The advantage of assertions is their ease of use. They are rarely more than one line of code. The disadvantage is that assertions halt execution indiscriminately and the helpfulness of the resulting error message is usually quite limited. In practice, assertions are almost never directly used in Python programs.

Exceptions

Exceptions are more sophisticated than assertions. When an error is encountered, an informative exception is 'thrown' or 'raised'.

For example, instead of the assertion in the case before, an exception can be used.

def mean(num_list):
    if len(num_list) == 0:
      raise Exception(
        "The algebraic mean of an empty list is undefined. "
        "Please provide a list of numbers."
    )
    else:
      return sum(num_list)/len(num_list)

Once an exception is raised, it will be passed upward in the program scope. An exception can be used to trigger additional error messages or an alternative behavior. Rather than immediately halting code execution, the exception can be 'caught' upstream with a try-except block. When wrapped in a try-except block, the exception can be intercepted before it reaches global scope and halts execution.
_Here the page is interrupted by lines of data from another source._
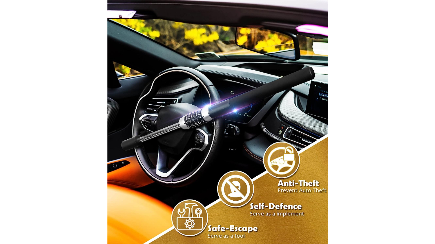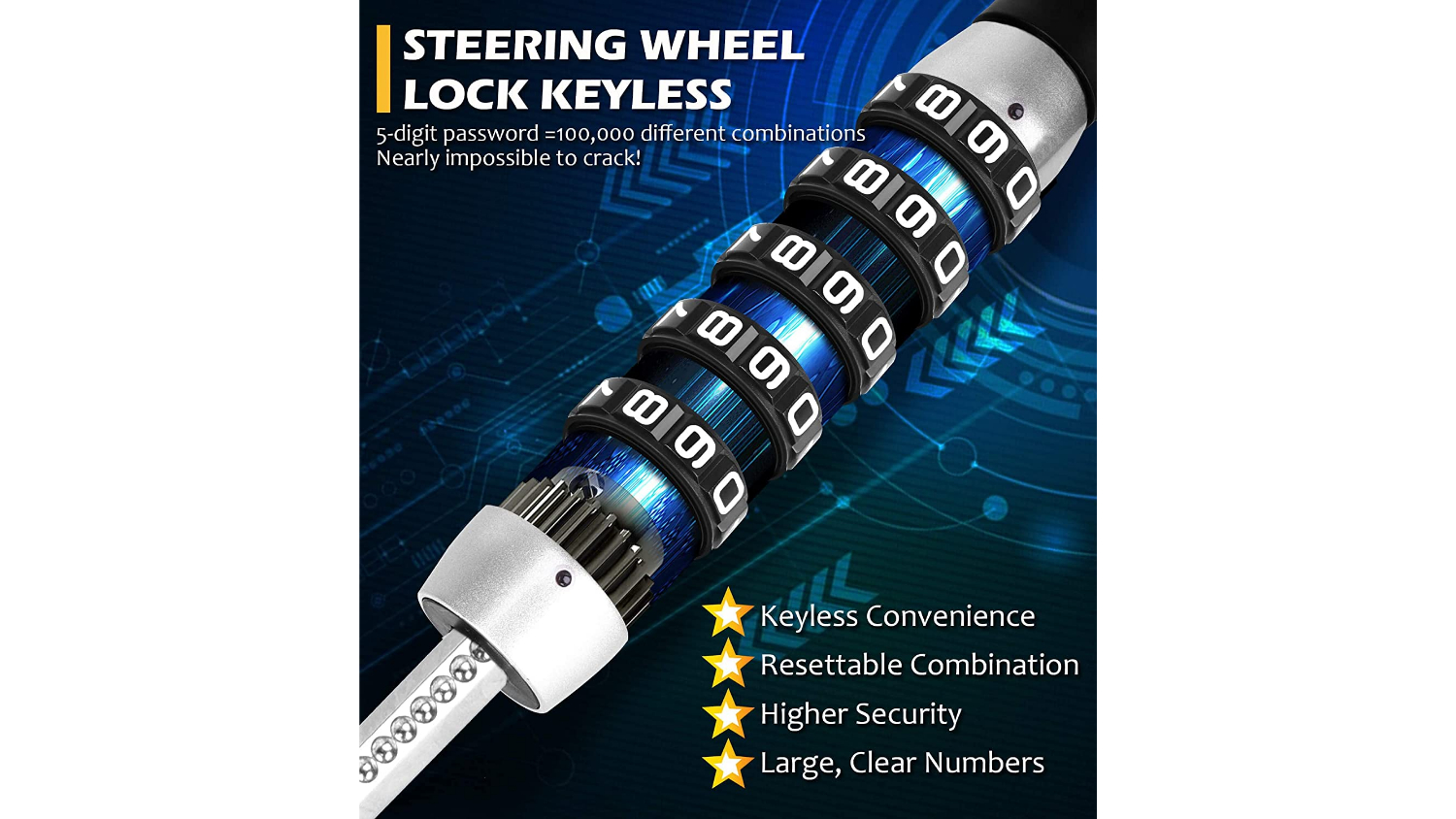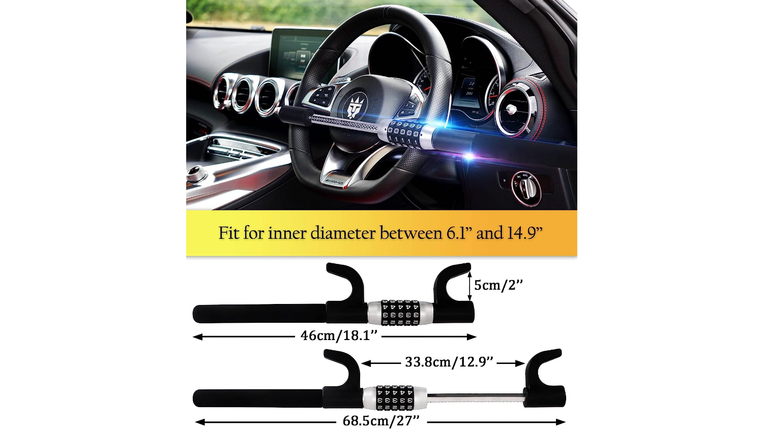Keep your car safe and secure with the Kmall Steering Wheel Combination Lock, offering unparalleled theft deterrence. Crafted from high-performance zinc alloy with a twin hooks design, this lock offers superior strength and security against theft attempts. With a universal fit and adjustable sizing, this lock is suitable for a wide range of vehicles, making it an essential accessory for every driver.
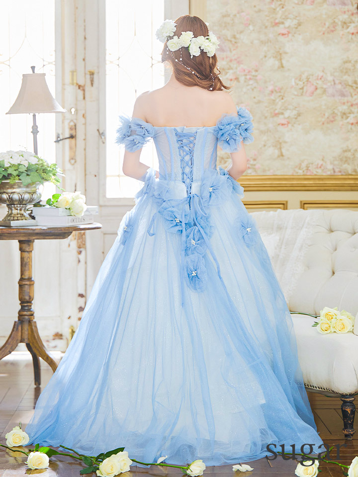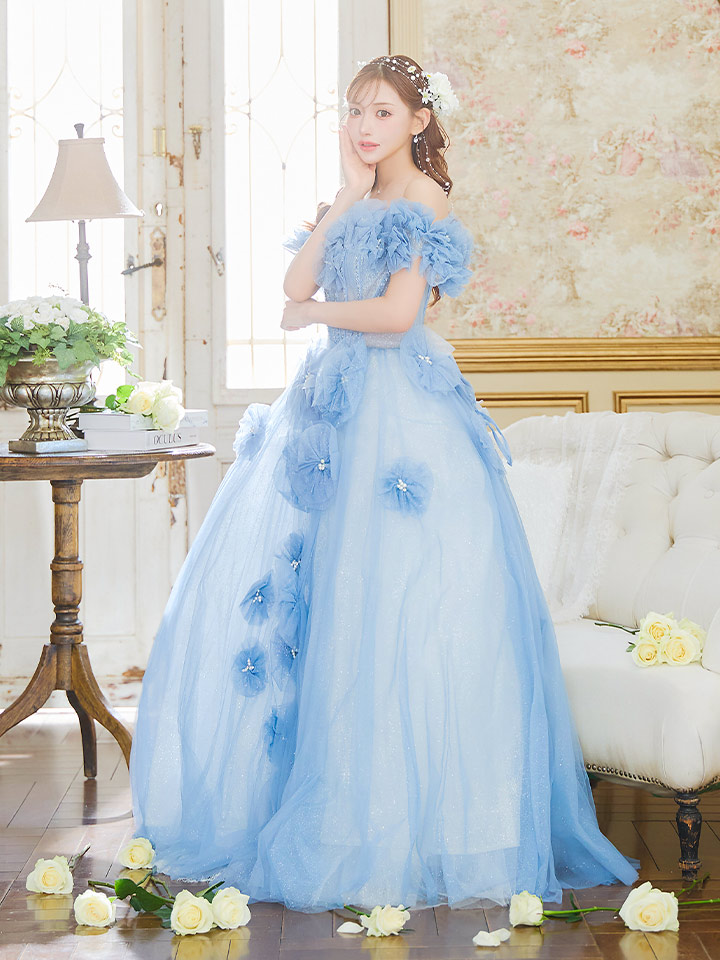 立体的フラワーが華やかなプリンセスロングドレス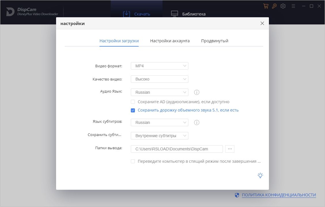 DispCam 1.1.8 — это программное обеспечение для загрузки видео с популярных стриминговых платформ, включая контент Disney, Pixar, Marvel и других связанных сервисов. Приложение позволяет сохранять фильмы, сериалы и анимацию в высоком качестве с возможностью выбора аудиодорожек и субтитров. Утилита поддерживает форматы mp4 и mkv, совместимые с большинством устройств и медиаплееров.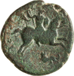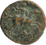 the Emperor on horse galloping, right, wearing chlamys and spearing lion(?) below, left |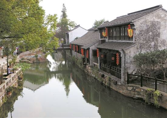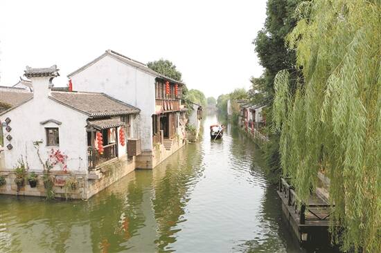 有河就有桥。桥有石拱桥、直桥、廊桥,也有单孔桥、多孔桥,各显风姿。桥像绳上一个个结,既把两岸扣在一起,又装点着古镇。有河的地方自然少不了船,小船或来往穿梭,或停在屋下。我登上一条乌篷船,艄公咿咿哑哑摇着橹,伴着哗哗的水声,用吴侬软语哼唱起当地的民歌。枕河的民居、驳岸的堤埠、红红的灯笼、一棵棵垂柳,打眼前一一呈现,摇晃着景致,伴着水的气息扑面而来。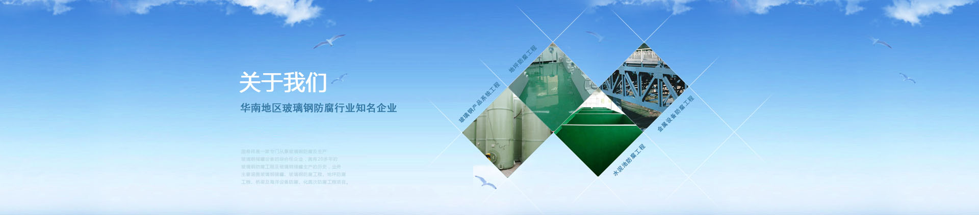 廣州市固希祥防腐工程有限公司是一家專門從事玻璃鋼防腐及生產(chǎn)玻璃鋼儲罐設(shè)備的綜合性企業(yè),具有20多年的防腐工程施工歷史,三大核心業(yè)務(wù):玻璃鋼防腐施工、油漆防腐施工、玻璃鋼儲罐等制品生產(chǎn)。內(nèi)容涵蓋玻璃鋼儲罐、玻璃鋼防腐工程、地坪防腐工程、水泥池防腐工程、大中型廠房翻新工程、工程機械翻新、各類新舊設(shè)備的油漆噴涂及金屬設(shè)備防腐工程項目。公司致力于防腐工程的技術(shù)研究和工程施工;擁有150多名10年左右玻璃鋼防腐施工經(jīng)驗的技術(shù)工人,可以快速,高質(zhì)量完成客戶的需求。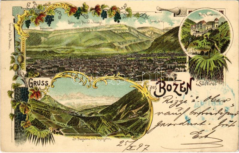 Description: 1897 (Vorläufer) Bolzano, Bozen (Südtirol); Burg Runkelstein, Mendel und Penegal, St. Magdalena mit Rosengarten. Ottmar Zieher / castle. Art Nouveau, floral, litho + "BOZEN BAHNHOF"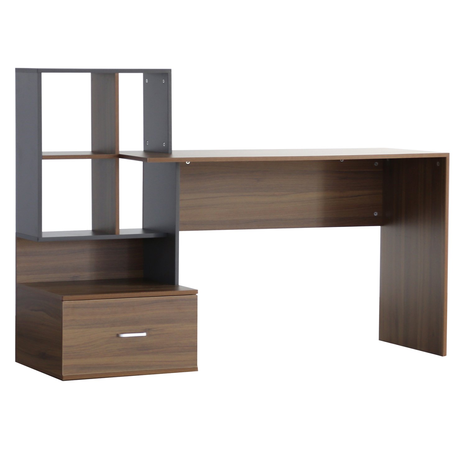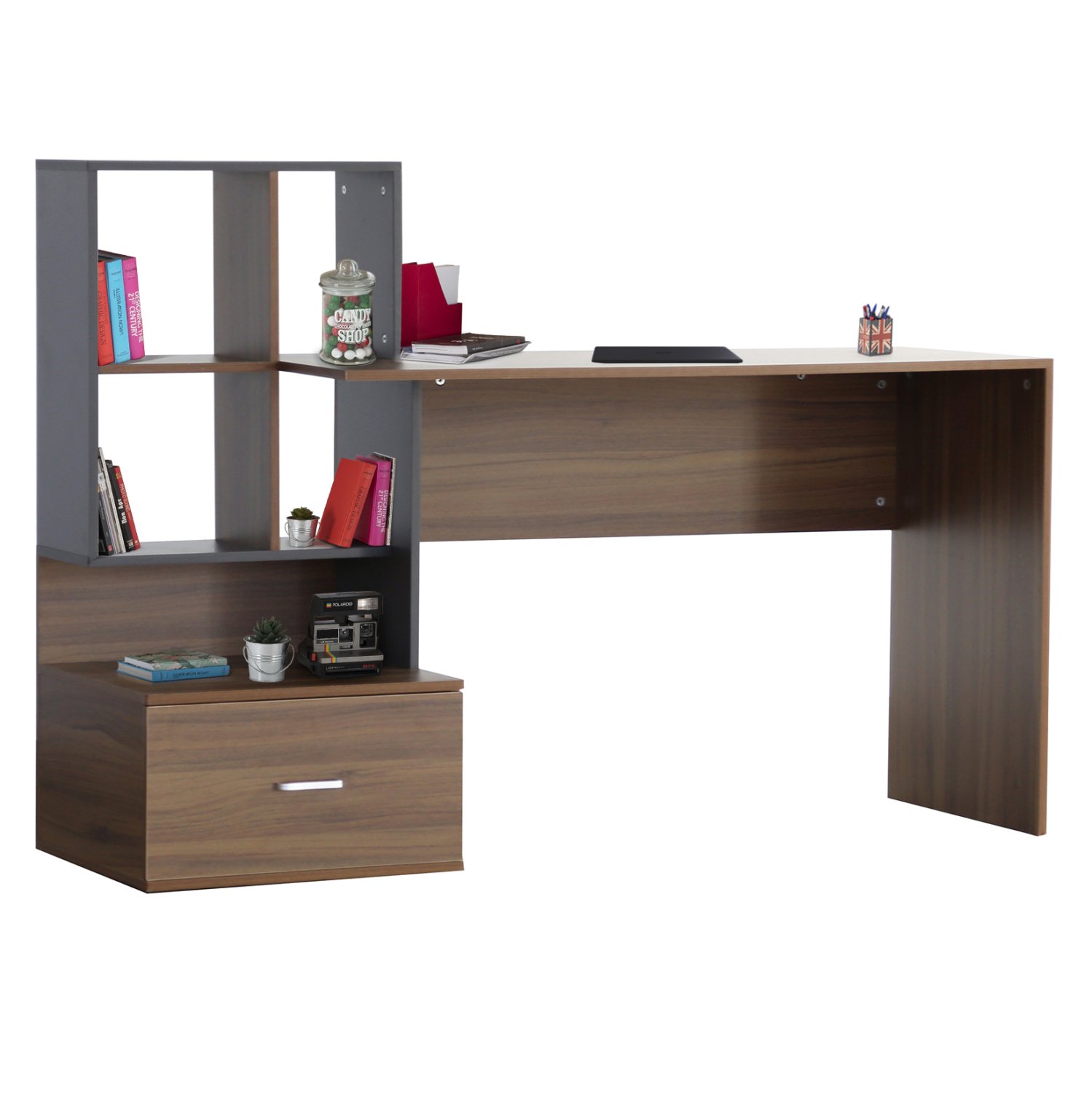 Γραφείο με Ενσωματωμένη Βιβλιοθήκη SYNDYA σε Καρυδί και Γκρι

To add information or replace the message before it is passed upstream, the try-catch block can be used to catch-and-reraise the exception:

def mean(num_list):
    try:
        return sum(num_list)/len(num_list)
    except ZeroDivisionError as original_error:
        msg = "The algebraic mean of an empty list is undefined. Please provide a list of numbers."
        raise ZeroDivisionError(original_error.__str__() + "\n" +  msg)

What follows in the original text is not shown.